A recursive descent parser handles operator precedence by chaining methods together. Each method handles one level of precedence and calls the next level "up" until finally reaching primary().

Since we don’t have operators yet, our chain is very short: expression() simply calls primary() directly. We will add the intermediate steps for arithmetic and logic in the next chapter.

Add this to Parser:

    # --- Parser Entry Point ---

    def expression(self) -> expr.Expr:
        # For now, our grammar is: expression → primary ;
        # In the next chapter, we will expand this to handle operators.
        return self.primary()

    def parse(self) -> expr.Expr | None:
        try:
            return self.expression()
        except ParseError:
            return None

6. Wiring it up

We have a complete, runnable pipeline for evaluating simple literals and groupings. Let us connect the Scanner, the Parser, and the AST Printer together in snek.py.

Open snek.py and add these imports at the top of the file, with the others:

from parser import Parser
from ast_printer import AstPrinter

Update your run method in snek.py:

    @staticmethod
    def run(source):
        # Scan the text into tokens
        scanner = Scanner(source)
        tokens = scanner.scan_tokens()

        # Parse the tokens into an AST
        parser = Parser(tokens)
        expression = parser.parse()

        # Stop if there was a syntax error.
        if error.had_error or expression is None:
            return

        # Print the AST
        printer = AstPrinter()
        print(printer.print_ast(expression))

Test it out

Now that the entire pipeline is connected, run your interpreter (python snek.py) and test it on real input.

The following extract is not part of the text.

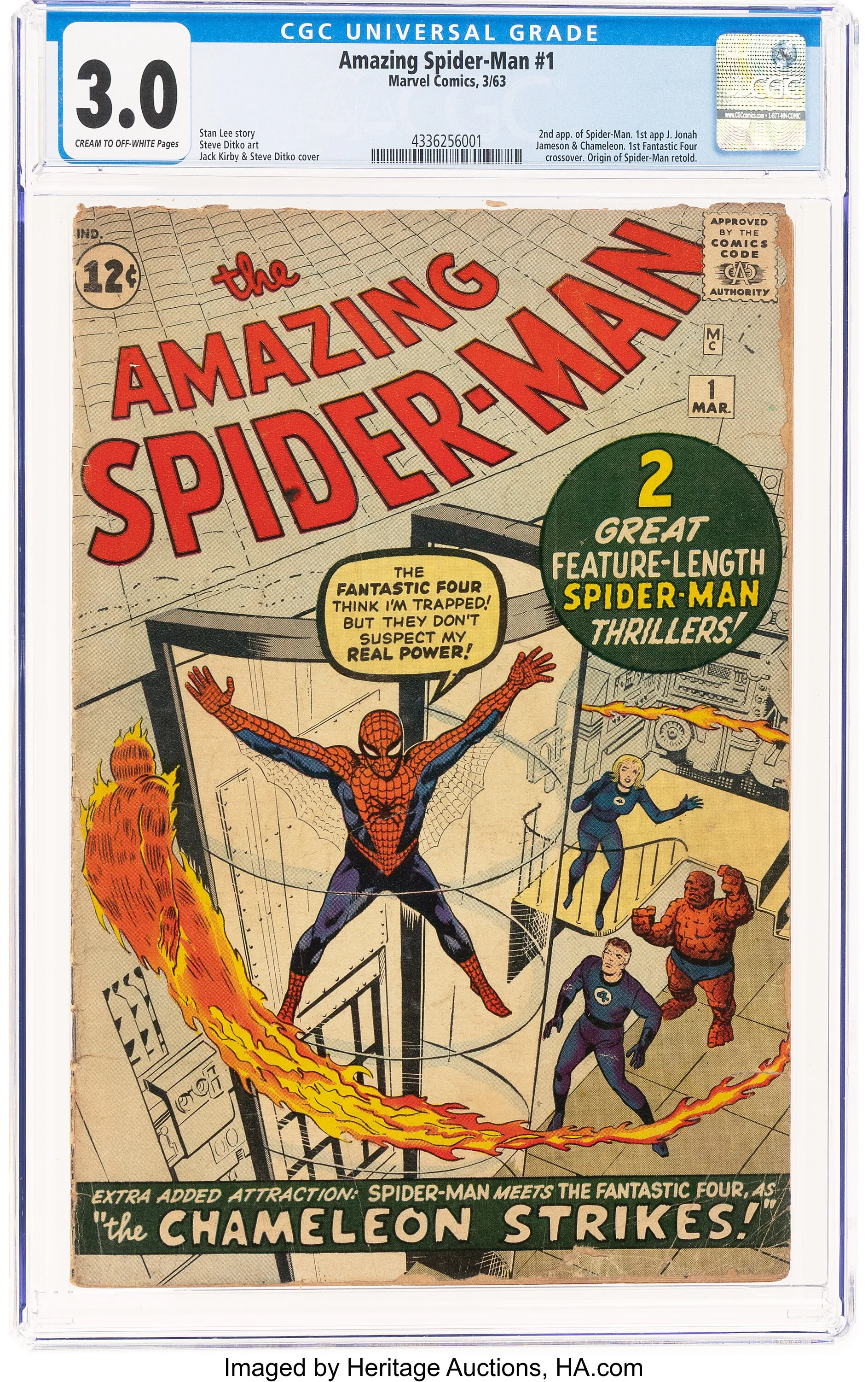 A copy of The Amazing Spider-Man #1 is currently being auctioned by Marvel. It’s in relatively good condition, graded at 3.0, and features the first appearances of J. Jonah Jameson and The Chameleon, as well as Spider-Man’s second appearance. While the cover has some wear and tear—including creases and tears—it’s a significant piece of comic book history. The current high bid is $5,250, and the auction continues for another 13 days.

Type 123; and press Enter. The parser should create a Literal node, and the AstPrinter should print its value: 123.0. (Note: Because we haven't implemented statement parsing yet, the parser simply grabs the first valid expression it finds and silently ignores the trailing ; token).
Type ((( "hello" ))); and press Enter. The parser should generate a deeply nested tree, and the printer should show you the structure: (group (group (group hello))).
Type (123; and press Enter. Your error handling should kick in and report the missing parenthesis: [line 1] Error at ';': Expect ')' after expression.

In the next chapter, we will build out the rest of the precedence ladder to support the full range of arithmetic operators.

7. Challenges

Trace-it

Given the following AST output generated by an AstPrinter, write the exact Python Expr constructor code that generated it.
(* (- 5) (group 10))

Answer

expression = expr.Binary(
    expr.Unary(
        Token(TokenType.MINUS, "-", None, 1),
        expr.Literal(5)
    ),
    Token(TokenType.STAR, "*", None, 1),
    expr.Grouping(
        expr.Literal(10)
    )
)

Add Unary Expressions

The parser currently only understands literals (e.g., 123, "hi", true) and groupings ((...)). In this exercise, you will extend it to support unary expressions like -5 or !true. This is a preview of the recursive descent techniques we will use heavily in the next chapter.

Your goal is to implement the following grammar rules:

expression → unary ;
unary      → ( "!" | "-" ) unary | primary ;

This means that expression should now call unary, and unary will either be a ! or - followed by another unary expression (to handle cases like !!true), or it will fall through to primary if no operator is found.

Implementation Hint

Create a new method unary(self) -> expr.Expr in your Parser class.
Inside unary(), check if the current token is a BANG or MINUS.
- If it is, consume the operator token. Then, recursively call unary() to parse the right-hand operand.
- Construct and return a expr.Unary node.
If the current token is not a unary operator, simply call and return self.primary().
Finally, update your expression() method to call self.unary() instead of self.primary().

Once complete, you should be able to run your REPL and test both simple and nested unary expressions. Typing !false should result in (! false), while a more complex input like !!-123 should produce (! (! (- 123.0))), proving that your parser correctly handles recursive operators.